The Golden Rule, Part 2: The Glitch

The thing that got me thinking about the positive and negative formulations of the Golden Rule was a passage from Kwame Anthony Appiah's excellent book Cosmopolitanism: Ethics in a World of Strangers. Here's the passage:

...But even though some version or other of the rule has broad scriptural sanction, the Golden Rule is not as helpful as it might at first seem.

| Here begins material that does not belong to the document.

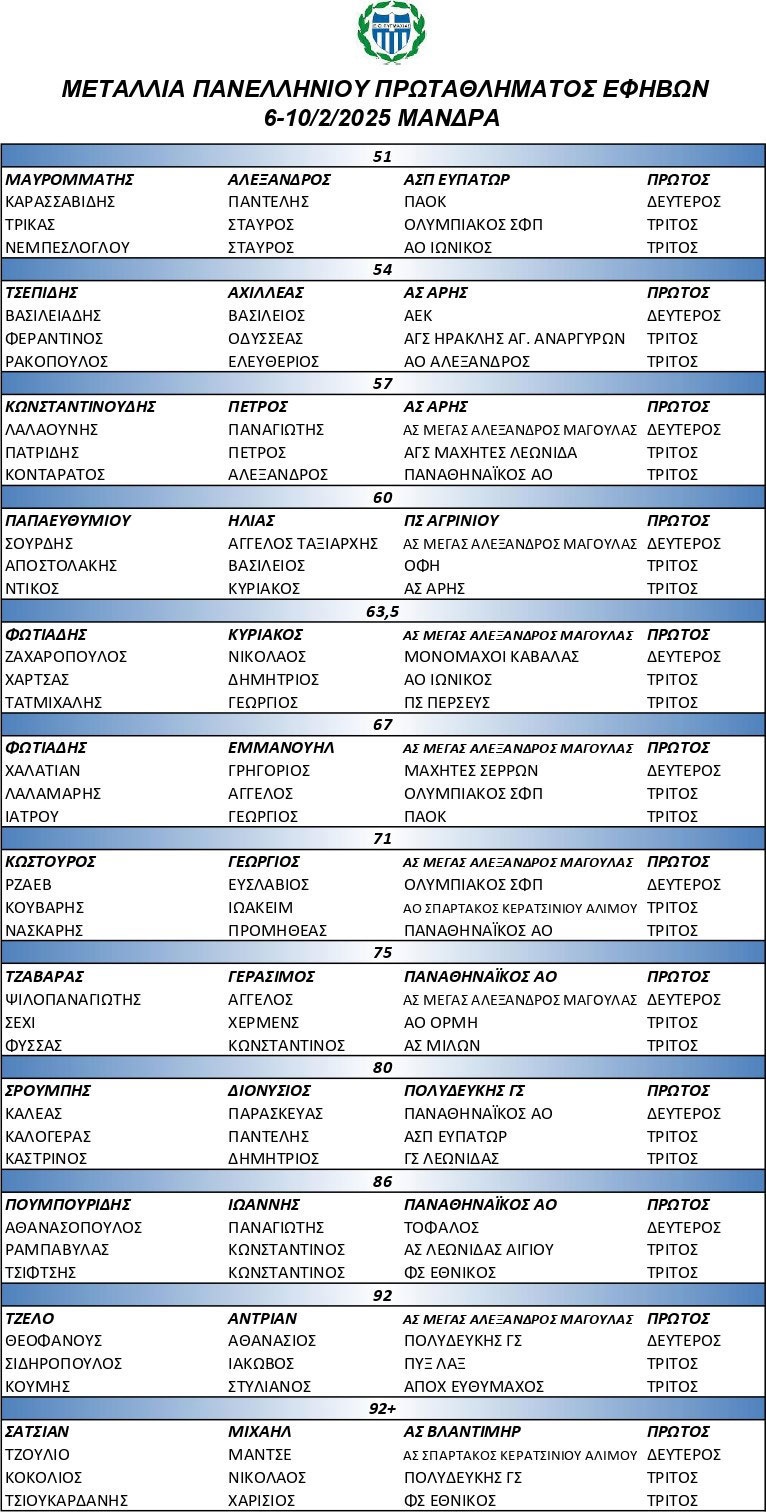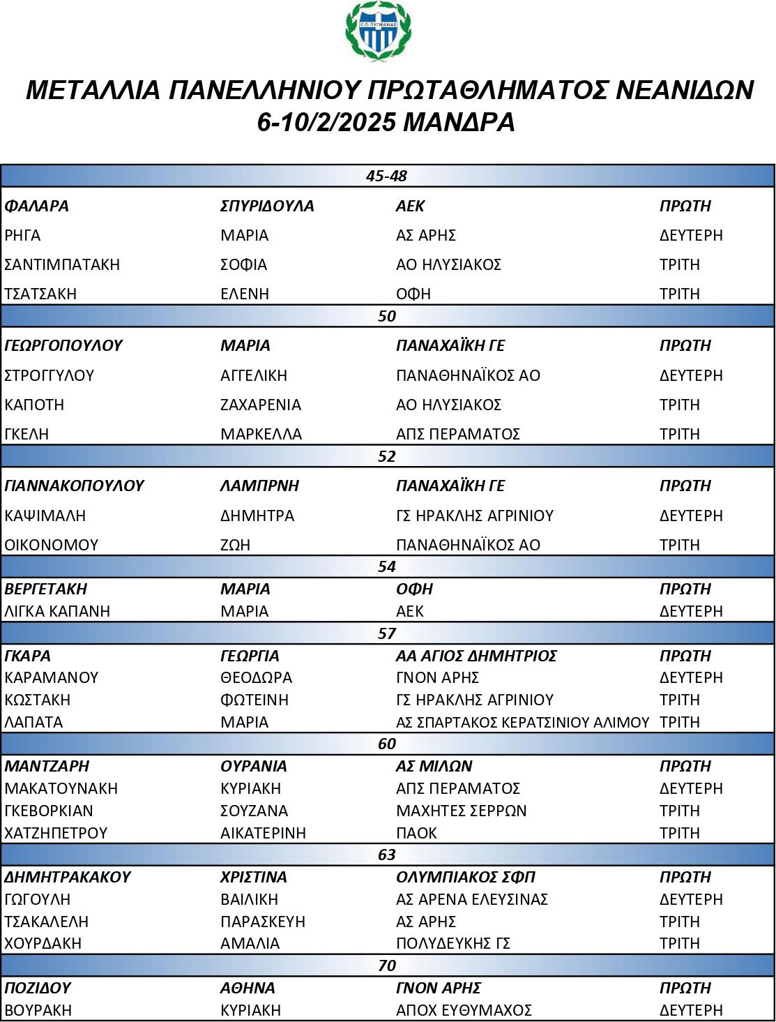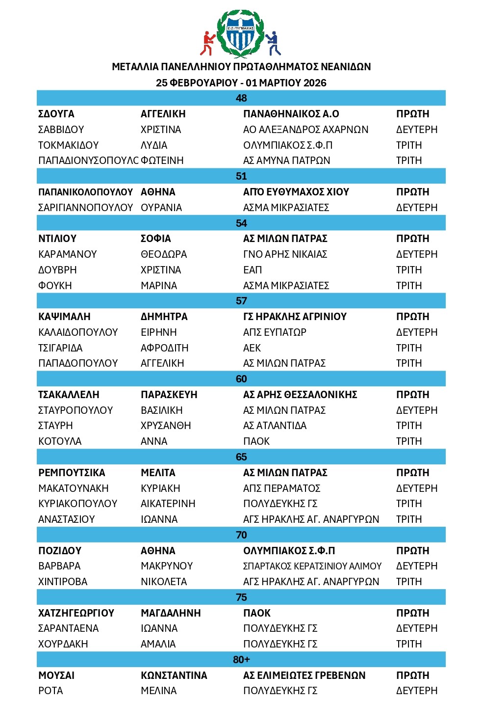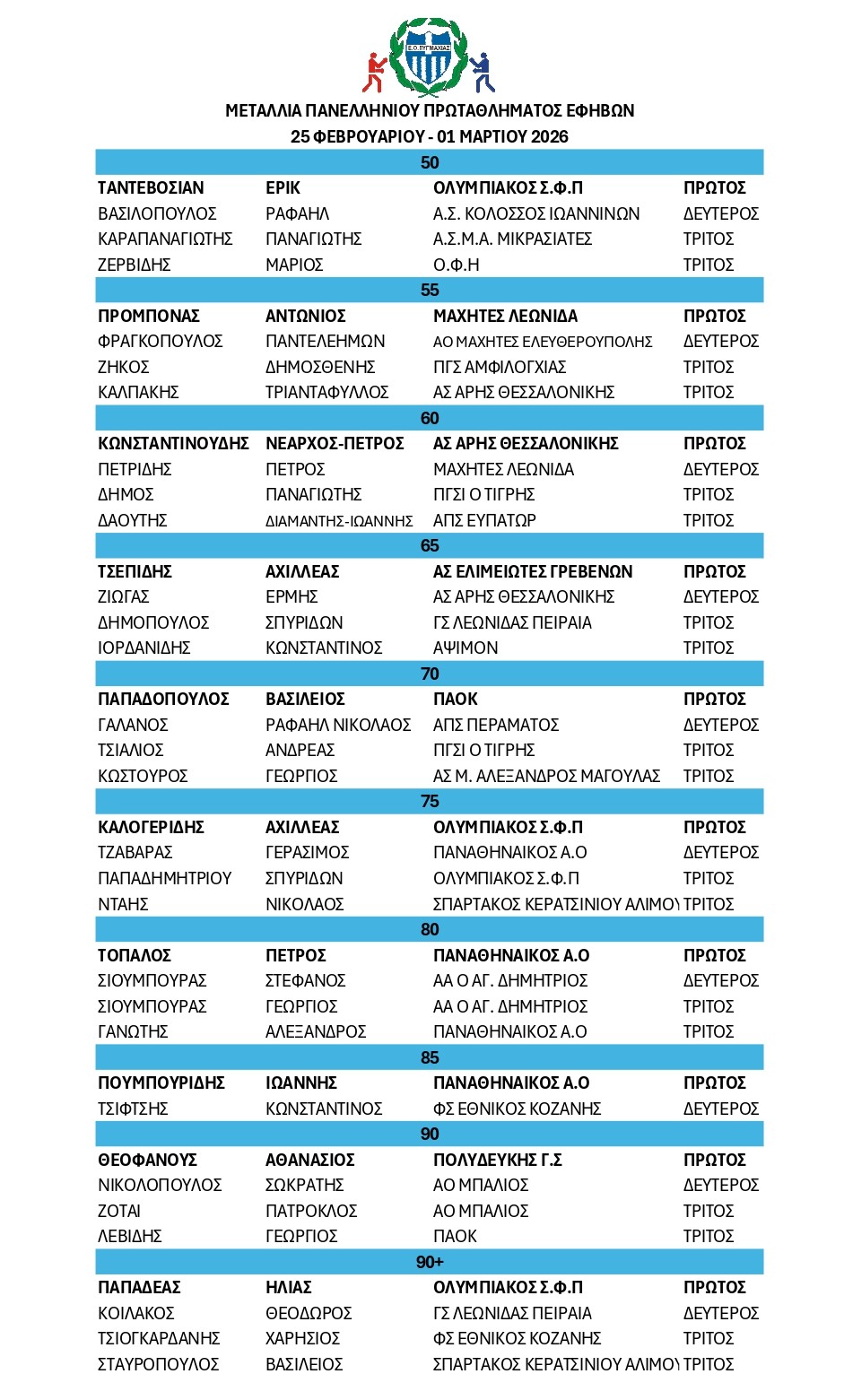 ΠΠ ΕΦΗΒΩΝ 2026 ΠΠ ΝΕΑΝΙΔΩΝ 2026 ΠΠ ΝΕΩΝ ΑΝΔΡΩΝ 2026 ΠΠ ΝΕΩΝ ΓΥΝΑΙΚΩΝ 2026 ΠΠ ΑΝΔΡΩΝ 2025 ΠΠ ΓΥΝΑΙΚΩΝ 2025 ΠΠ ΕΦΗΒΩΝ 2025 ΠΠ ΚΟΡΑΣΙΔΩΝ 2025 ΠΠ ΝΕΑΝΙΔΩΝ 2025 ΠΠ ΝΕΩΝ ΑΝΔΡΩΝ 2025 ΠΠ ΝΕΩΝ ΓΥΝΑΙΚΩΝ 2025 ΠΠ ΠΑΓΚΟΡΑΣΙΔΩΝ 2025 ΠΠ ΠΑΙΔΩΝ 2025 ΠΠ ΠΑΜΠΑΙΔΩΝ 2025

To see why, notice first that when you do something to someone, what you do can be truly described in infinitely many ways. When it's described in some of those ways, the person you did it to may be glad you did it; when it's described in other ways, he may not. Suppose you are a doctor considering saving the life of a Jehovah's Witness by giving her a blood transfusion. What you want to do is: save her life. That, of course, is exactly what you would want done unto you, if your medical situation was the same as hers. It is also, we may suppose, what she wants done unto her. But you also want to do this: give her a blood transfusion. That, too, is what you would want done to you. Unfortunately, it is not what your patient wants. Most Witnesses, you see, interpret Leviticus 3:17--which says, "An everlasting statue for your generations in all your dwelling places, no fat and no blood shall you eat"--as prohibiting blood transfusions. Since obeying the Lord's commands is more important to her than this earthly life, under this description she's vehemently opposed to what you want to do. She'd literally rather be dead. The first problem with the Golden Rule, in any of its versions, in practice, is that to apply it I have to know not just why I am doing what I am doing unto others--the descriptions of the act that matters to me--but also how the act will strike others.

So what should you do?


This passage gave me pause. It struck me that inside the positive formulation of the Golden Rule there is this odd little quirk that can quickly lead us astray. Specifically, once I identify what I would like done to me I can too quickly assume that you'd like the same done to you.

Don't you think Christians have made this mistake time and time again?

For example, try this:

If God considered me to be an abomination I'd want someone to tell me about it. Thus, I'm loving these people by informing them that God hates them.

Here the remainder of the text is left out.